Task goal: Word for word, restate the lines of the data below between those holding "2022年11月 荣获英国上市官网365心理知识竞赛三等奖" and "This paper develops", inclusive; pictures do not belong in the copy.

Source material:
• • • • • • •
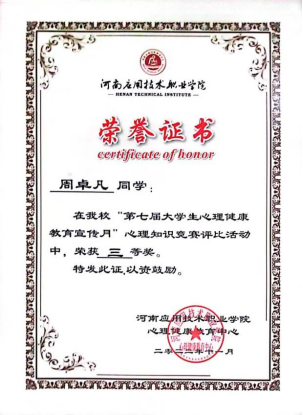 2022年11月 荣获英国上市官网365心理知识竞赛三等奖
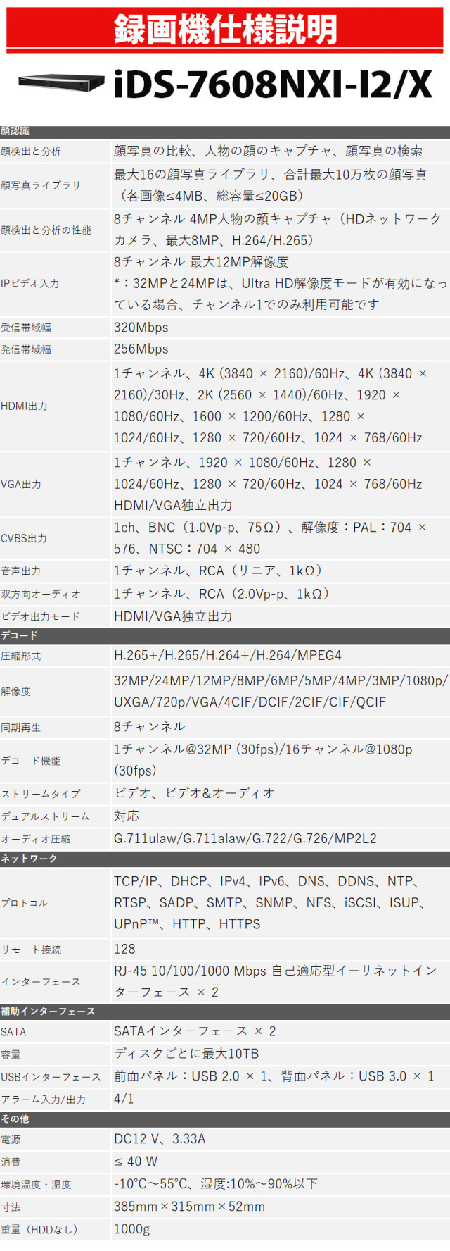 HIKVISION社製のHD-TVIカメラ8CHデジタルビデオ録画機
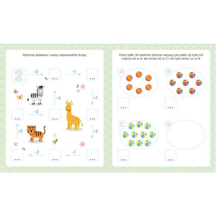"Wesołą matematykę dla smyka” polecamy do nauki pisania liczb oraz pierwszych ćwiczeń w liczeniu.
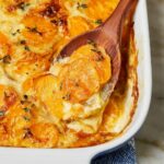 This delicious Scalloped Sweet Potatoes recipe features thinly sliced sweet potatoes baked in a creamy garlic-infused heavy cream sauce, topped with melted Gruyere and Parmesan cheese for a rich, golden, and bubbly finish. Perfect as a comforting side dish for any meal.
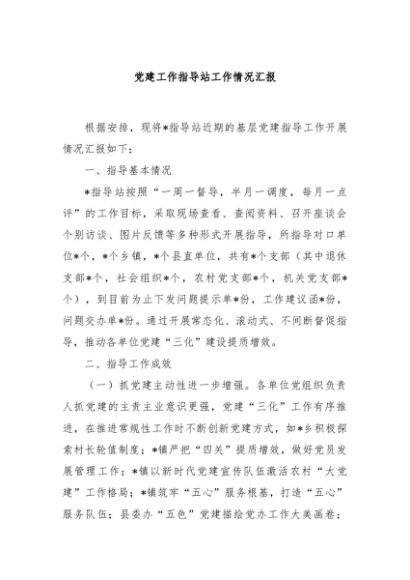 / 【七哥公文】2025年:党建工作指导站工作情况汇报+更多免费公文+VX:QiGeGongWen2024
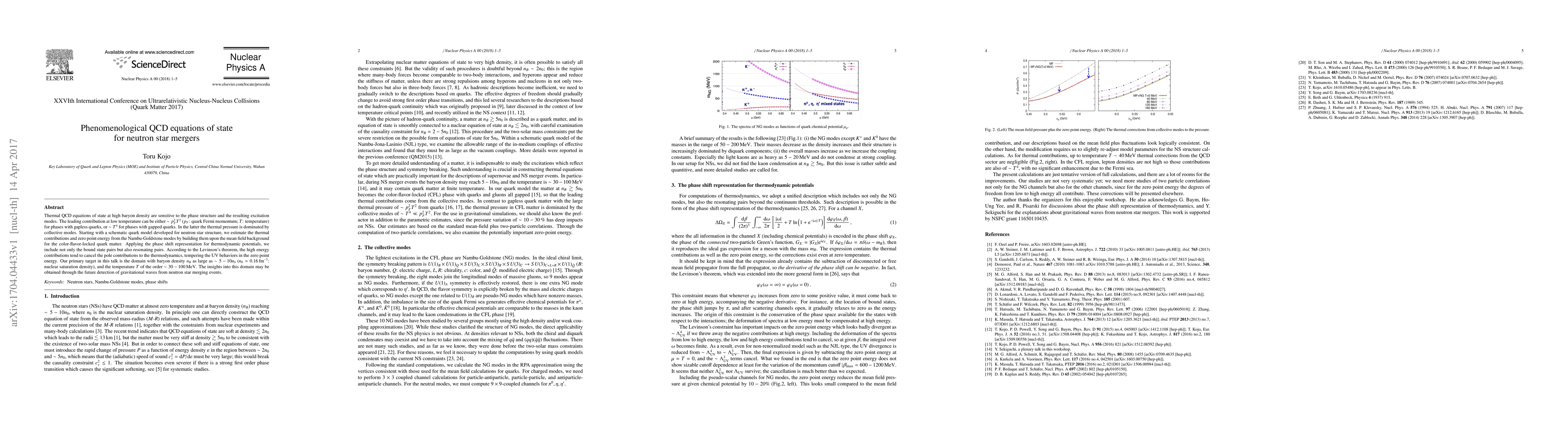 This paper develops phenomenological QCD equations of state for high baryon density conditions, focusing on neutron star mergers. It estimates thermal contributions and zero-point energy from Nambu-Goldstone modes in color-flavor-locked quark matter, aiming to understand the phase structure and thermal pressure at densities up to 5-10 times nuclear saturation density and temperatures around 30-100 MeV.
• • • • • • •
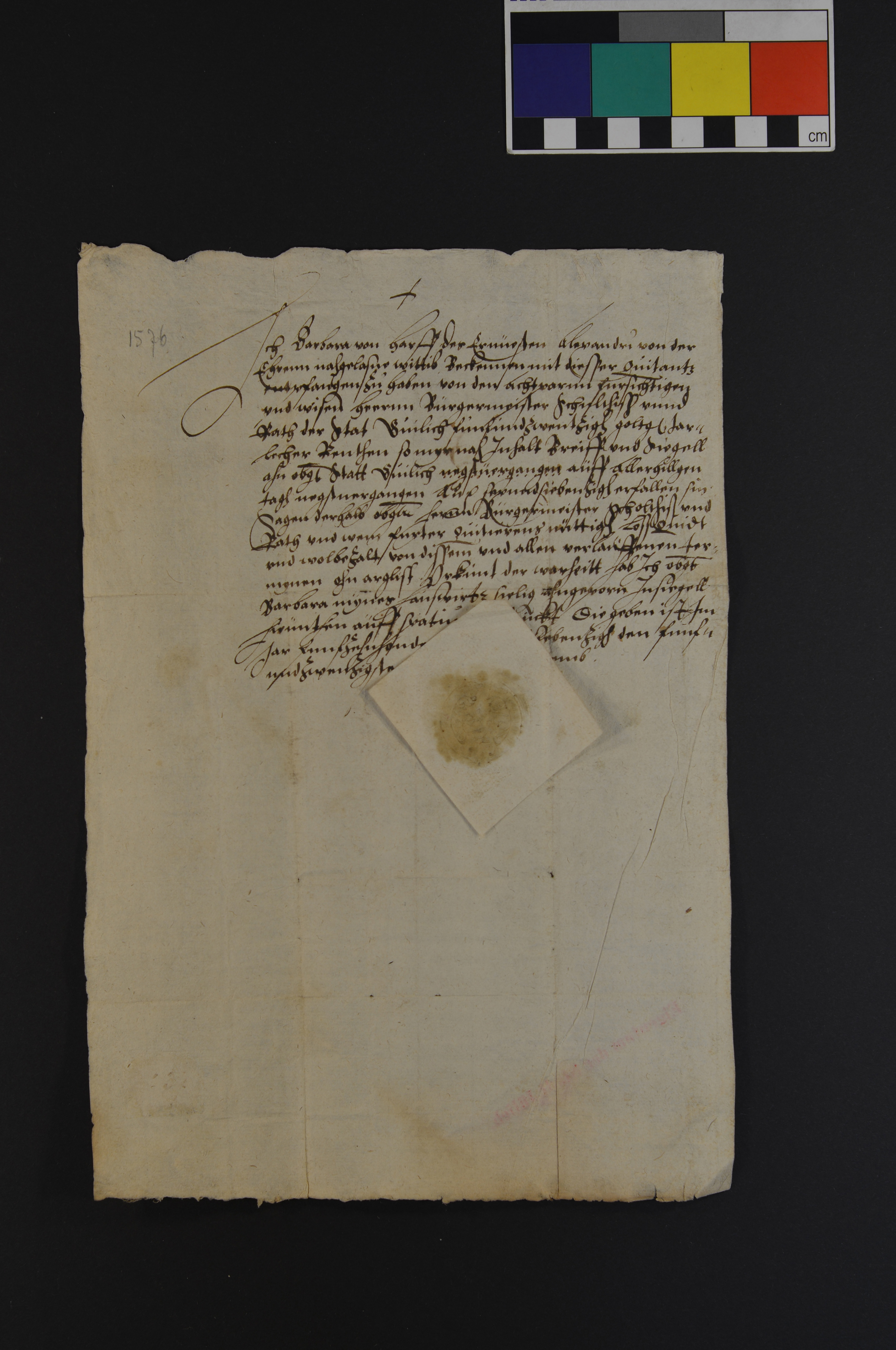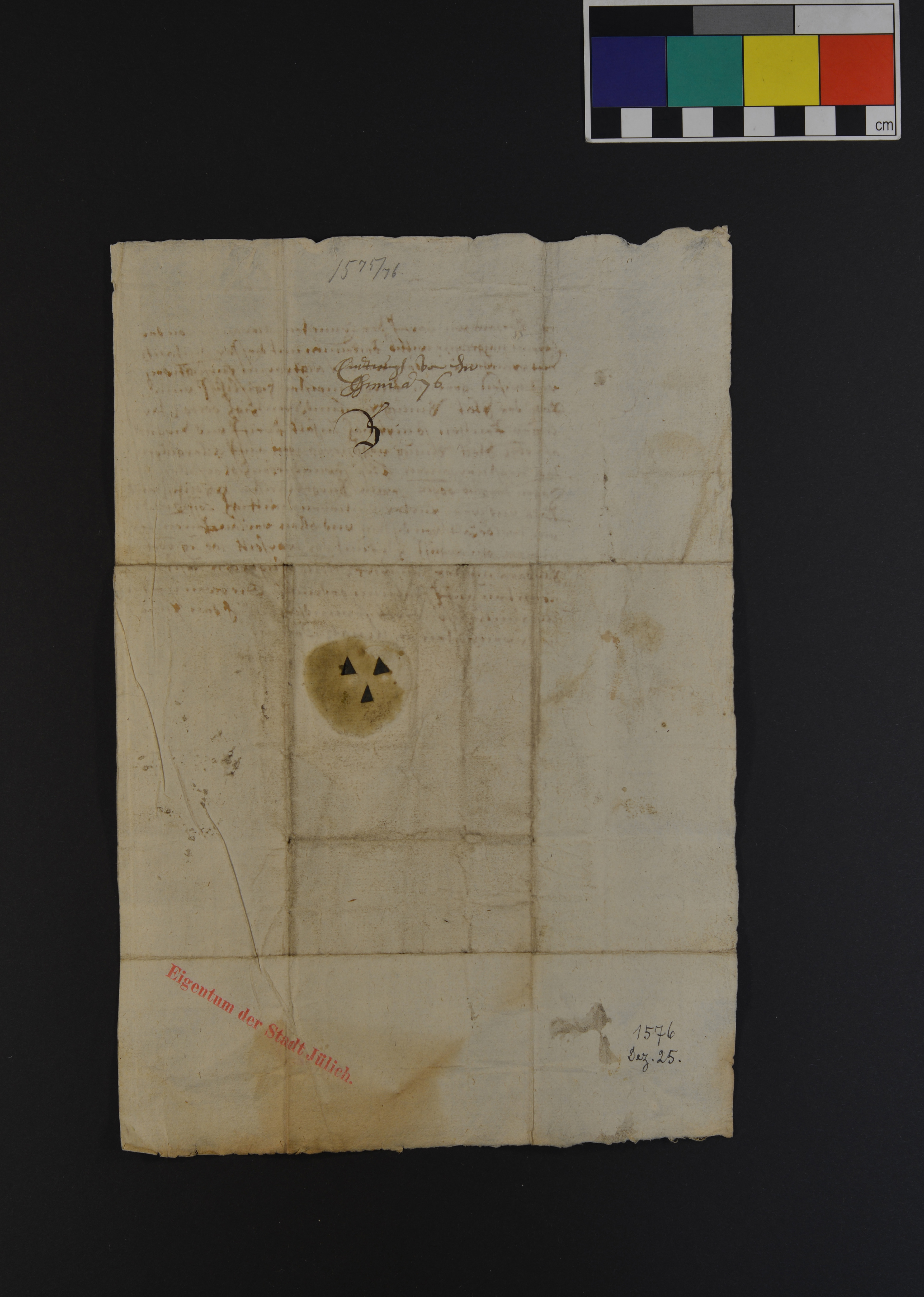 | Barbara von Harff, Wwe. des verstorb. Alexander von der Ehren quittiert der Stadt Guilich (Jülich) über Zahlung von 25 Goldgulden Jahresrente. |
• • • • • • •
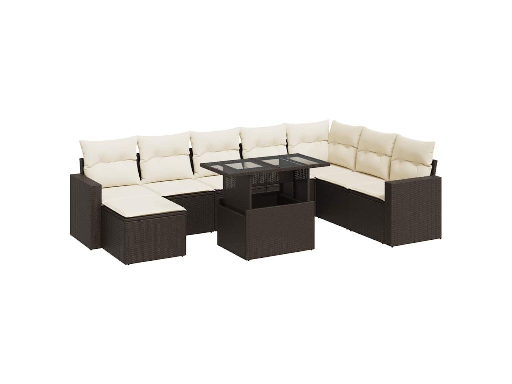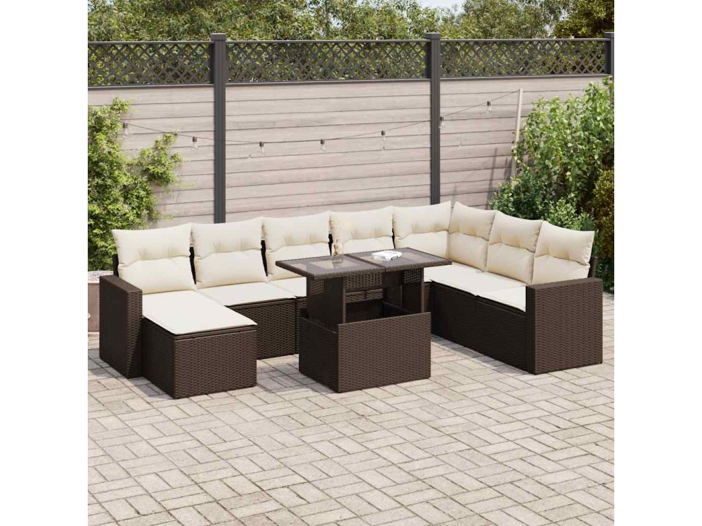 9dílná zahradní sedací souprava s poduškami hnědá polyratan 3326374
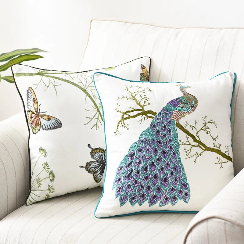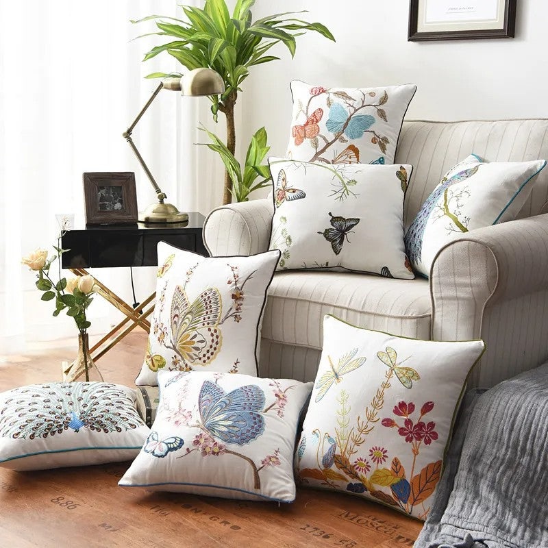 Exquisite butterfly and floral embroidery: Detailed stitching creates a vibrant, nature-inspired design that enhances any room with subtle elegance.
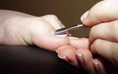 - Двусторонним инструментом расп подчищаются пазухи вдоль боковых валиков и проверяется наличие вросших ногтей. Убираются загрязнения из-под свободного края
• • • • • • •
Exercise result:
 2022年11月 荣获英国上市官网365心理知识竞赛三等奖
 HIKVISION社製のHD-TVIカメラ8CHデジタルビデオ録画機
"Wesołą matematykę dla smyka” polecamy do nauki pisania liczb oraz pierwszych ćwiczeń w liczeniu.
 This delicious Scalloped Sweet Potatoes recipe features thinly sliced sweet potatoes baked in a creamy garlic-infused heavy cream sauce, topped with melted Gruyere and Parmesan cheese for a rich, golden, and bubbly finish. Perfect as a comforting side dish for any meal.
 / 【七哥公文】2025年:党建工作指导站工作情况汇报+更多免费公文+VX:QiGeGongWen2024
 This paper develops phenomenological QCD equations of state for high baryon density conditions, focusing on neutron star mergers. It estimates thermal contributions and zero-point energy from Nambu-Goldstone modes in color-flavor-locked quark matter, aiming to understand the phase structure and thermal pressure at densities up to 5-10 times nuclear saturation density and temperatures around 30-100 MeV.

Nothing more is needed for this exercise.